One thing that both religious and secular history ought to be able to agree on is that Jesus of Nazareth was at the very least a great teacher. Islam and the Koran also recognize him as an esteemed prophet. As an important figure in history, he was ultimately put to death for how he lived and what he taught as he stood up to the religious and secular forces of that age.
Part of what he taught was to “baptize” those who embrace his teachings as a recognizable sign of the new life, empowerment and togetherness those very teachings bring us, especially as a “collective” sharing a common path on life’s journey.
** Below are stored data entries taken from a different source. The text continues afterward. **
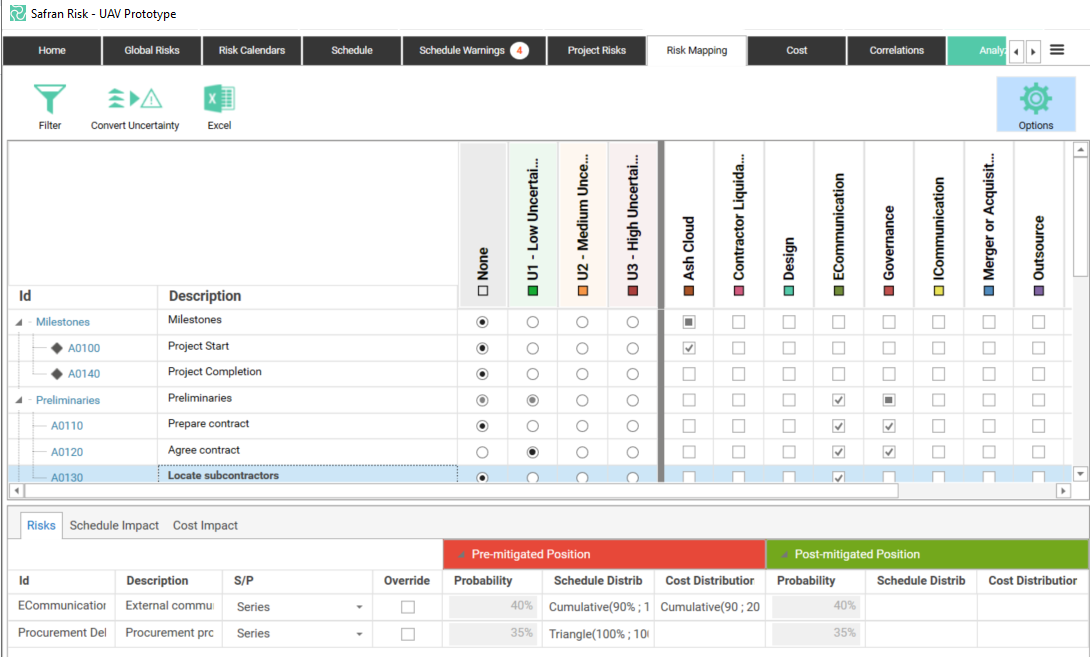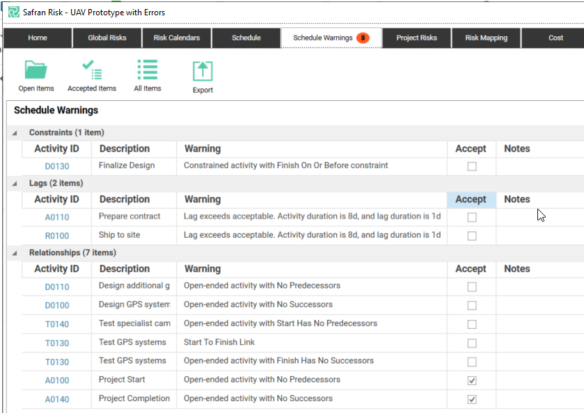 - Safran Risk provides Schedule Warnings that help get a user’s schedule ready for risk analysis.
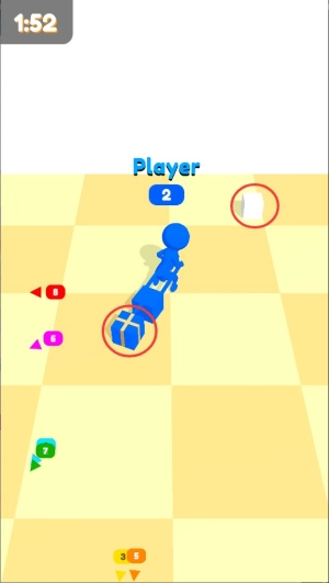 1. 通过移动角色拾取场景中的箱子来收集箱子扩张链条,角色身后会生成一条持续增长的链。收集的箱子数量越多,得分就越高,这十分考验收集效率。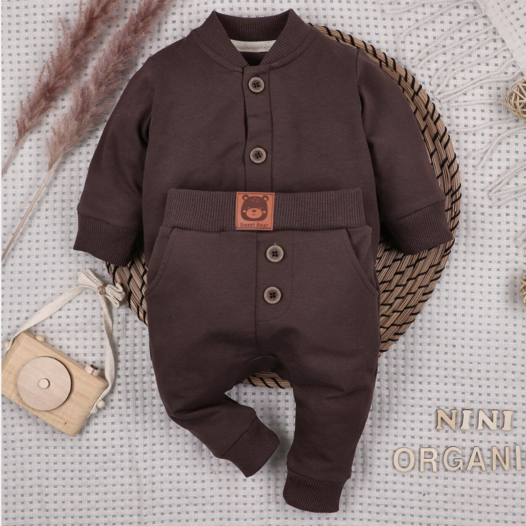 A nadrág 95% organikus pamut és 5% elasztán felhasználásával készült. Az organikus pamut természetes módon termesztett alapanyag, amely nem tartalmaz mesterséges műtrágyákat vagy vegyszereket, így kíméletes a bababőrhöz.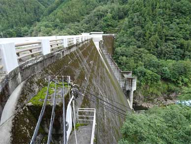 ここから見られる堤体、中空重力式ならではの急角度がたまらなく素敵♪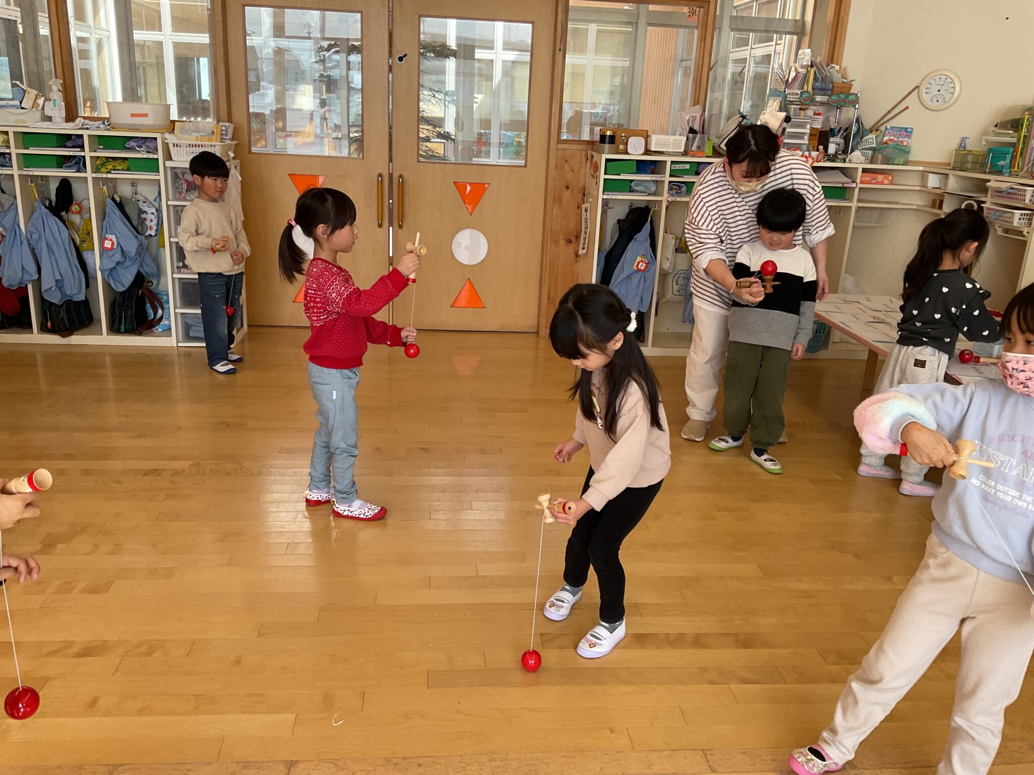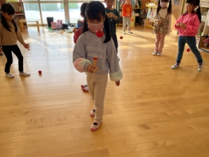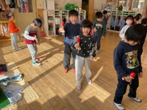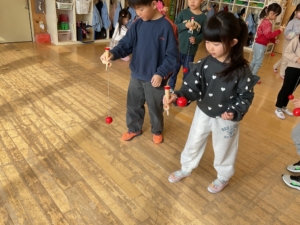 おひさまぐみが、けん玉に挑戦してました。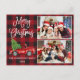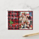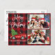 Moderna caligrafía divertida guión Feliz Navidad 2 tarjeta postal de vacaciones - Watercolor Vintage Camión Rojo con árbol de navidad sobre relleno de búfalo rojo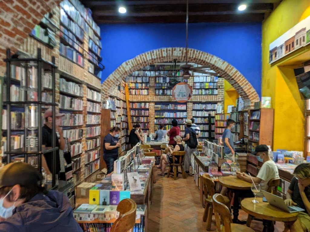 Naturally, I quickly zeroed in on the bookstore. It was so beautiful—and in addition to books (a great mystery section, by the way!) and strong A/C, it offered beer, wine, coffee, and frosted chocolate cake. I’m including a photo of my book purchase—and yes, I plan to read it in Spanish! May take me a while, though).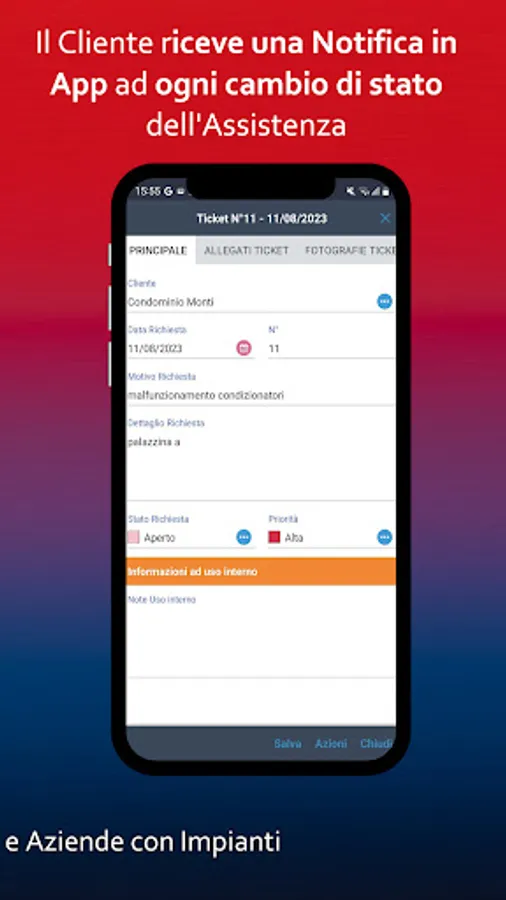 HE, autonomously, directly from his Smartphone and Tablet, sends you the Requests for Technical intervention.
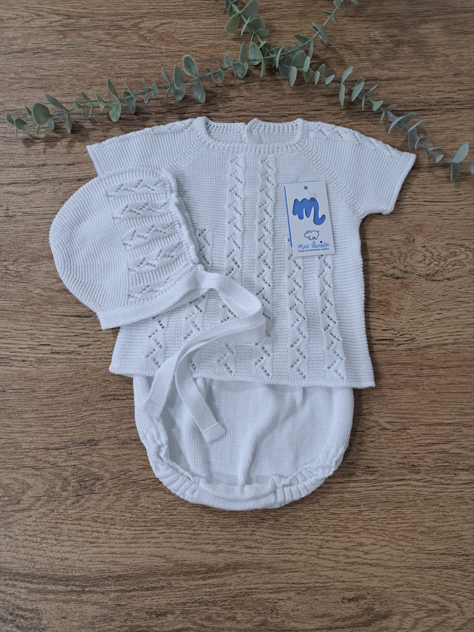 Conjunto de hilo blanco tres piezas. Compuesto por capota, jersey mangas cortas y braguitas

He also taught to collectively come together in a “Meal of Remembrance” so that we might honor the sacrifice it took (and still takes) to speak truth to power. It’s a practice that empowers us toward liberation from anything and anyone that seeks to deceive or oppress us in this life. Ultimately, it’s a communal meal that exemplifies the oneness we believe we’re created to share as a human family. It serves to help focus us on a common purpose in life (the experience of “Unconditional Love” in its many forms), above and beyond our differences.
So, yes, we embrace these sacramental ideologies when we gather while also acknowledging that each Dinner Gathering will shape its own unique, collective approach for walking together in faith. We also embrace other wisdom teachings and spiritual practices people may bring to the table that can point us to similar truths along this journey of life.